On 24 February 2022, the Russian flagship cruiser Moskva and patrol ship Vasily Bykov began an assault on Snake Island, a Ukrainian island located in the Black Sea near the Danube Delta. It is a small island with a single village populated by fewer than 30 people, that had a contingent of 13 border guards, all belonging to the Izmail Border Detachment, stationed on the island at the time of the attack. Moskva called on the soldiers to surrender in return for their safety, which was firmly declined by the defenders.

The audio of the interaction was originally posted by the Ukrainian online newspaper Ukrainska Pravda. The exchange, which took place in Russian, has been translated as:

Russian warship: "Snake Island, I, Russian warship, repeat the offer: put down your arms and surrender, or you will be bombed. Have you understood me? Do you copy?"
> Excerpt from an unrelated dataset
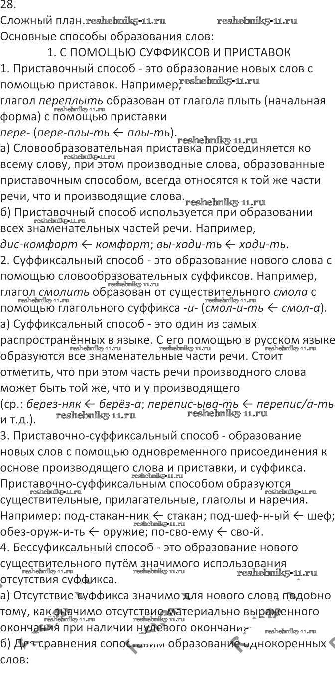 Готовая домашняя работа с ответами по Русскому языку за 7 класс Львова, Львов Учебник УМК Часть 1, 2, 3 Мнемозина 2012 ФГОС - Упражнения 28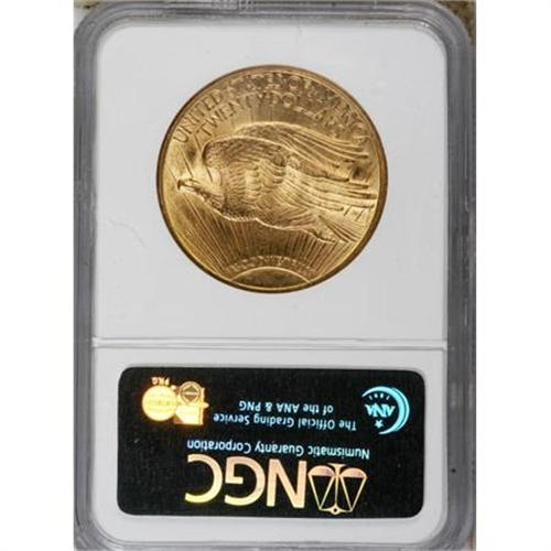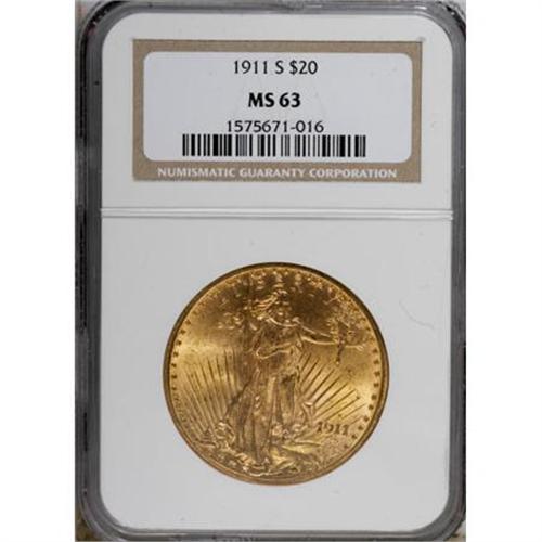 <B>1911-S $20 MS63 NGC.</B></I> The lustrous, carefully preserved surfaces display fine grain textures in the fields. Yellow-gold and rose coloration adorns both sides. The design elements are well struck throughout. <BR><BR><B>Coin Engraver:</B> Augustus Saint-Gaudens<BR><BR><b>Shipping:</b> Coins & Currency (<a target="_blank" href="http://www.heritageauctions.com/common/shipping.php">view shipping information</a>)

Ukrainian 1 to Ukrainian 2: "That's it, then. Or, do we need to fuck them back off?"

Ukrainian 2 to Ukrainian 1: "Might as well."

Ukrainian 1: "Russian warship, go fuck yourself."

"Ukrainian 1" is believed to be Roman Hrybov (also transliterated Gribov), a member of the State Border Guard Service of Ukraine. The line has also been translated as "Fuck you, Russian warship." Author and academic Alex Abramovich, writing in the London Review of Books, noted that a more literal translation of "иди на хуй", transliterated as "Idi na khuy", is "Go to a dick", or more idiomatically, "Go sit on a dick".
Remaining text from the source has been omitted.